I look down at the tiny fingers trembling in my own. Her bottom lip wobbles. A sob hiccups from her throat. I can smell the urine on her, and I’m sure the hateful bitch does too.

A pointy fingernail presses under her chin. “Do you know what happens to little girls who wet themselves? Cockroaches will come. And they’ll crawl up your legs. Is that what you want?”

“No,” her voice is barely a whisper as her entire body vibrates in fear.

“I can’t hear you. Speak up, child.”

Steel coats my spine as I straighten. “It was me. I did it. I had a nightmare. It was an accident.”

“Come with me.” The old bat jerks me forward roughly by my shoulder.

I release her hand.

Its better this way. I can handle the punishment. She can’t.

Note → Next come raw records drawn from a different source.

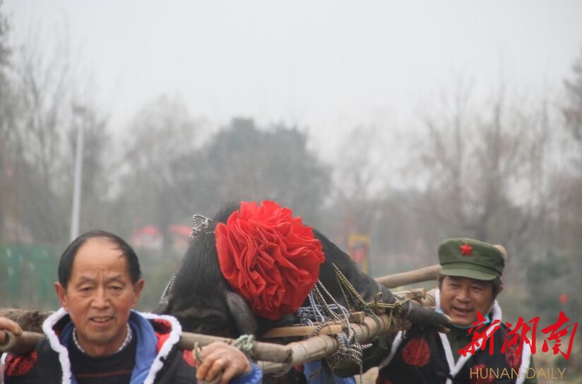 上午10点,稻花香里农耕文化园的晒谷坪就已经热闹起来,来自四面八方的游客慕名来到这里。长沙中悦旅游发展有限公司董事长杨雄军为狮子点睛,瑞狮苏醒,顿时脚踏欢快的鼓点在台上时而跳跃,时而登高,时而眨眼,神气十足。稻花香里农耕文化园运营总监张波为本次活动致欢迎辞后,鞭炮声响起,身着喜庆服装的工作人员,抬着年猪来到晒谷坪。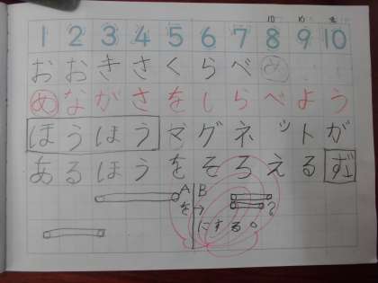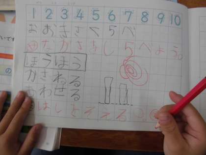 文字も,少しずつ丁寧に早く書けるようになってきました。もうすぐ,マス目の小さいノートに移ります。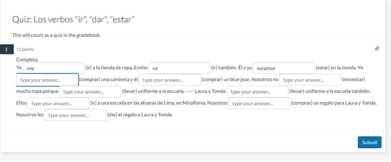 Can anyone who speaks Spanish give me answers to this please. ir, dar, estar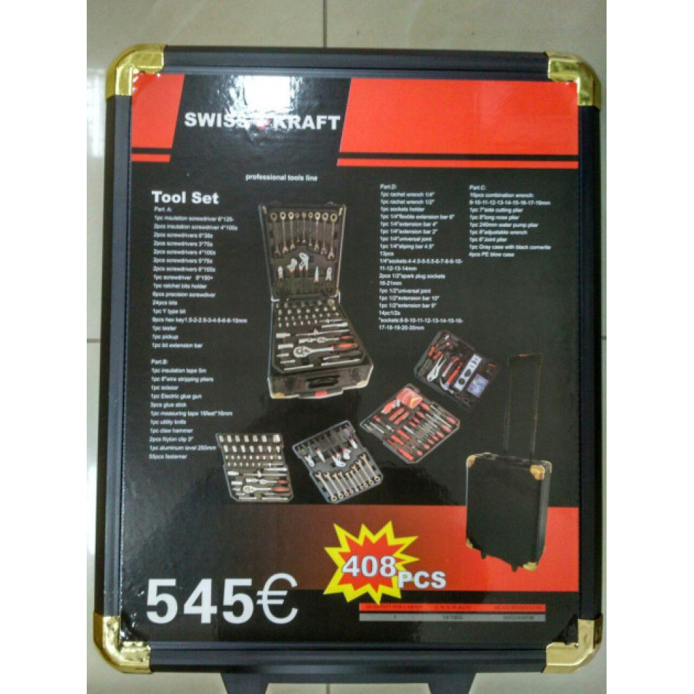 Универсальный автомобильный набор инструментов Kraft Royal 408 предметов в чемодане | Кейс с инструментами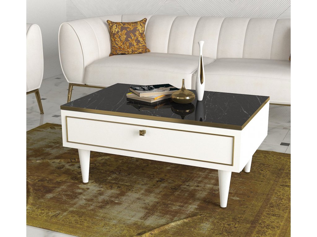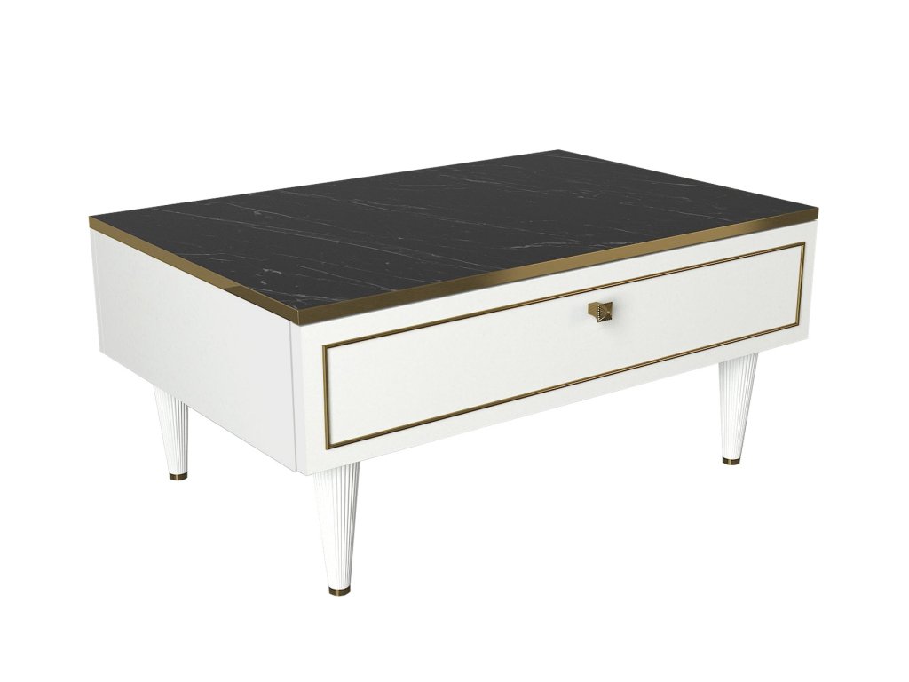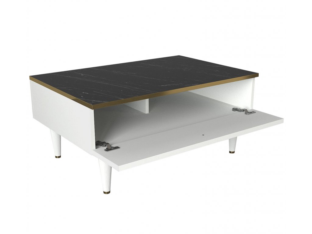 Stolek upoutává pozornost kontrastem barev černého mramoru a bílého těla i nohou, které doplňuje ještě zásuvka s výklopnými dvířky.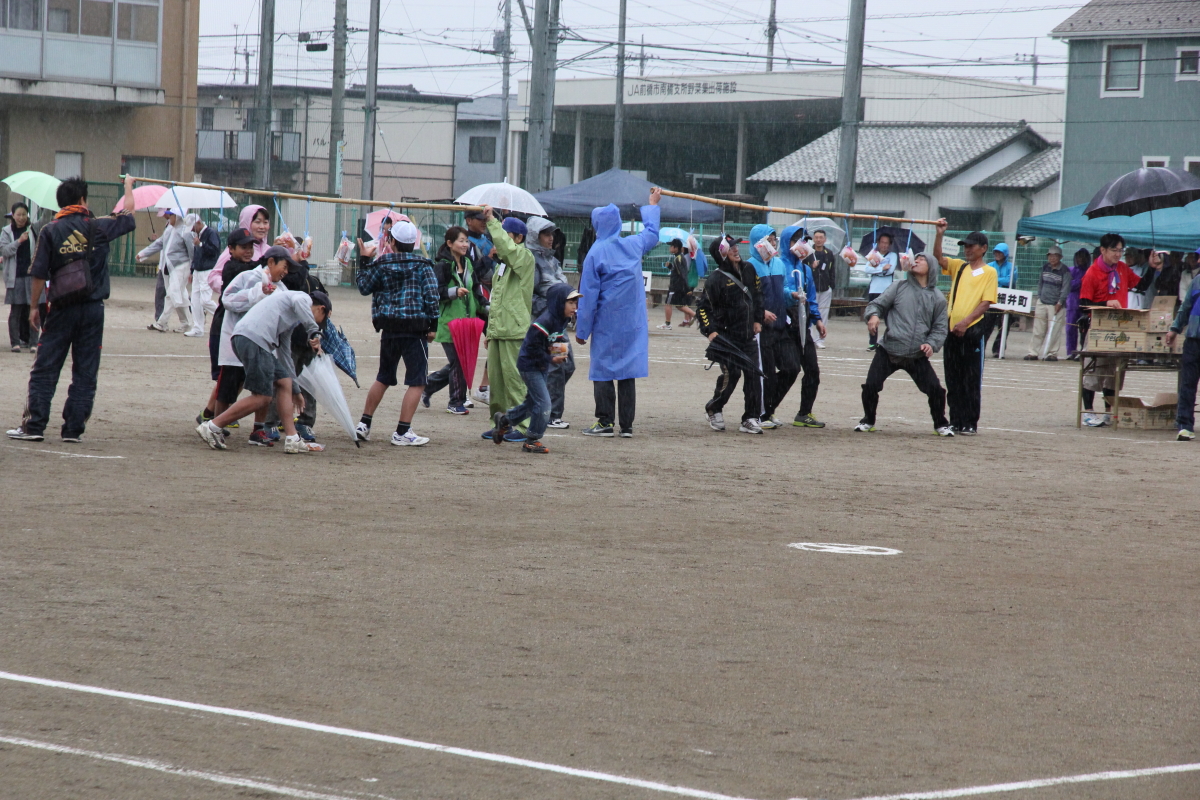 台風18号の接近で昨夜から雨模様が心配されましたが、朝は小雨のため各家庭に配布された運動会プログラムを雨天用に変更し行われました。入場行進は行わず、開会式も簡略して始まりましたが、天候の様子から急遽変更して「パン食い競争」のみの運動会になりました。荒牧町からも、幼児から大人まで「パン食い競争」に参加して一時を楽しんでいました。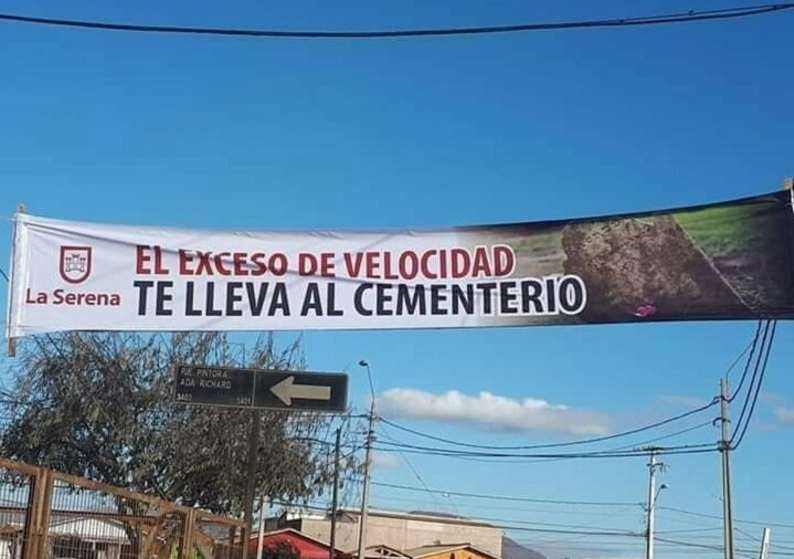 “Pare es pare, #$%&@”; “Más despacio para no morir rápido”; “No sea WN! Respeta las señales”; “Te creí Formula 1, #$%&@?” y “El exceso de velocidad te lleva al cementerio” son algunas de las frases de los lienzos que fueron instalados en puntos estratégicos de La Serena, especialmente en intersecciones que registran un alto número de accidentes automovilísticos.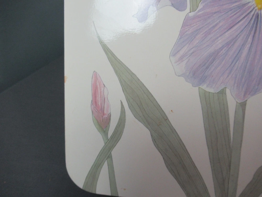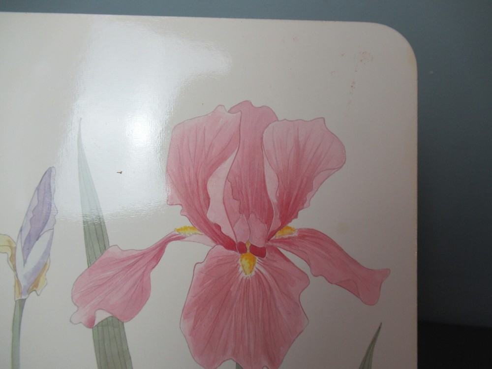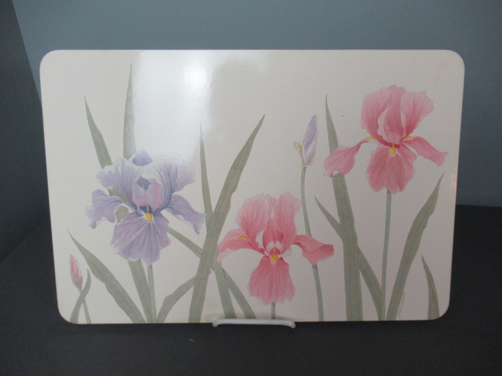 4 Cork Backed Placemats - Iris Flowers Artist... Lincoln Wakefield Pastel colors... green, yellow, purple and pink Marked... Design Imports - Italy Each - Approximately... 11 1/2" wide x 17" long In good condition Well made with great color and detail Ready to use or just display Please view the tray that matches these placemats in our store Purchased at Longwood Gardens We will be happy to combine items for shipping. Please feel free to keep shopping and we will send you an updated invoice with combine shipping rates. FROM A SMOKE FREE HOME WE DO OUR BEST TO DESCRIBE THE ITEMS AS ACCURATELY AS POSSIBLE SHIPPING... All shipping costs are the calculated rate as determined by the United States Post Office. We do not inflate shipping cost. We refund any overpaid shipping cost once the label is printed. We will ship your item within 3 business days after payment is received. We ship on business days only: Saturday, Sunday and Holidays are not considered business days. We have no control over how the US Post Office handles the package. You will receive a Delivery Confirmation by email so you can track your package. INTERNATIONAL PACKAGES … Import duties, taxes, and custom charges are not included in the item price or shipping cost. These charges are the buyer's responsibility. Please check with your country's customs office to determine what these additional costs will be prior to bidding or buying. Please be aware some international packages could take up to 6 weeks to receive.
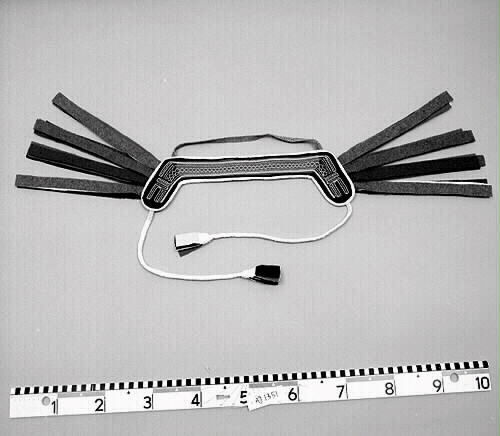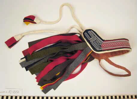 Grimma med tenntrådsbroderi med rund- och plattdragen tenntråd på rött och blått. Kantad med grönt kläde, skodd med vitgarvat skinn, fodrad med barkgarvat skinn som är sydd med sentråd. Mellanlägg, grå vadmal. Vadmals- och klädesfransar. Knytband av sentrådsfläta översydd med vitgarvat skinn, sydd med sytråd, klädestofs med vitt skinn. Hakband av barkgarvat skinn flätat med 8 remsor. Plattdragen tenntråd gjord av Marianne Nilsson, Ammarnäs.

I’m thrust down the basement stairs, tucking myself into a ball as my ribs bang into the worn wood. The scent of mildew pulls through my lungs, and I cough, landing in a pile of dust next to a stack of boxes that are coming apart at the seams.

Her heeled boots clack on the stairs as she descends on me like a wicked witch. “You’re a liar with a wicked tongue. I should cut it out.” Mrs. Winnie grimaces, towering over me. “What am I to do with you, boy?” She lets out a breath making a tsk sound.

I slide back on my elbows and wince. My side aches from my tumble down the stairs. I’ve probably cracked a rib or two. It wouldn’t be the first time.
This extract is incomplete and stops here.